Task requirements:
Within the entries below, find the portion that opens with the line containing "在切割平臺兩側安裝方形吸風道" and closes with the line containing "Die Evanthe Elite". Retype that portion exactly and only.

The data:

◆ ◆ ◆ ◆ ◆

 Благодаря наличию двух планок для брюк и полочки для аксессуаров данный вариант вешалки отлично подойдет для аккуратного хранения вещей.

◆ ◆ ◆ ◆ ◆

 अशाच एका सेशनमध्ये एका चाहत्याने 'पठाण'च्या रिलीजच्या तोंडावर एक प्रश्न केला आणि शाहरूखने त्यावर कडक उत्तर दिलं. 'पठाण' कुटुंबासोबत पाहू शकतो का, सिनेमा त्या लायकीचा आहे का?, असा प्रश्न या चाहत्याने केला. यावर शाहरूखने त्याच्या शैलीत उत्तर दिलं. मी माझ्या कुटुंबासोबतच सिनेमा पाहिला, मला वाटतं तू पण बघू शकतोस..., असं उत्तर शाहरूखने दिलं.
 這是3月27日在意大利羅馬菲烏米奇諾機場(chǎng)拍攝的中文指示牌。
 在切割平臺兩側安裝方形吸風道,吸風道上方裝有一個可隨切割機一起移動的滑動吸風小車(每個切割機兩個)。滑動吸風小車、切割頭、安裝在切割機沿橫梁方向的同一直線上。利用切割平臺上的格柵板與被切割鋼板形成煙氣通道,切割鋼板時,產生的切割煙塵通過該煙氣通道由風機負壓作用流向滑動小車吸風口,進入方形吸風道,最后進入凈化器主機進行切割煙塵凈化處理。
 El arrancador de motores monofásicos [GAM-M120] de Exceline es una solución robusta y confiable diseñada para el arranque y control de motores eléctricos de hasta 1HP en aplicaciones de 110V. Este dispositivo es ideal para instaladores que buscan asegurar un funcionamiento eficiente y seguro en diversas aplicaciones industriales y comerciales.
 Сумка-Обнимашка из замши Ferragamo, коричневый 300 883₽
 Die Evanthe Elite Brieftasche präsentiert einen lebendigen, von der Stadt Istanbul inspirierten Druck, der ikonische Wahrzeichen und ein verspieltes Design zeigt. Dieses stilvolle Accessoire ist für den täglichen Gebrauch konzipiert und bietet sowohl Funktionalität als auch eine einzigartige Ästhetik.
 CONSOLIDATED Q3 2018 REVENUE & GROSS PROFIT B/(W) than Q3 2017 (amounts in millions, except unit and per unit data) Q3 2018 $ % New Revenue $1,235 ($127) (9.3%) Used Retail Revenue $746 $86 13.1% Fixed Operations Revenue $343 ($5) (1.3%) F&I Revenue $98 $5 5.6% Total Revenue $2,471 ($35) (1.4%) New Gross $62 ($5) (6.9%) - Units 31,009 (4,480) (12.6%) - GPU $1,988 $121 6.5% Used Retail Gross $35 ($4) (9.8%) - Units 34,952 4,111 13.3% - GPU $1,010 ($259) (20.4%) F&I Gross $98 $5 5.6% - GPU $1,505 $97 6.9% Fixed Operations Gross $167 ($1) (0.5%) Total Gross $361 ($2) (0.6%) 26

◆ ◆ ◆ ◆ ◆

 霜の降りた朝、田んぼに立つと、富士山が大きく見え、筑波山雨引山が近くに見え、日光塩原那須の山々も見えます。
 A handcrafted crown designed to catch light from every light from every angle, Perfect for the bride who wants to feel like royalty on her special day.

◆ ◆ ◆ ◆ ◆

Problem solution:
 在切割平臺兩側安裝方形吸風道,吸風道上方裝有一個可隨切割機一起移動的滑動吸風小車(每個切割機兩個)。滑動吸風小車、切割頭、安裝在切割機沿橫梁方向的同一直線上。利用切割平臺上的格柵板與被切割鋼板形成煙氣通道,切割鋼板時,產生的切割煙塵通過該煙氣通道由風機負壓作用流向滑動小車吸風口,進入方形吸風道,最后進入凈化器主機進行切割煙塵凈化處理。
 El arrancador de motores monofásicos [GAM-M120] de Exceline es una solución robusta y confiable diseñada para el arranque y control de motores eléctricos de hasta 1HP en aplicaciones de 110V. Este dispositivo es ideal para instaladores que buscan asegurar un funcionamiento eficiente y seguro en diversas aplicaciones industriales y comerciales.
 Сумка-Обнимашка из замши Ferragamo, коричневый 300 883₽
 Die Evanthe Elite Brieftasche präsentiert einen lebendigen, von der Stadt Istanbul inspirierten Druck, der ikonische Wahrzeichen und ein verspieltes Design zeigt. Dieses stilvolle Accessoire ist für den täglichen Gebrauch konzipiert und bietet sowohl Funktionalität als auch eine einzigartige Ästhetik.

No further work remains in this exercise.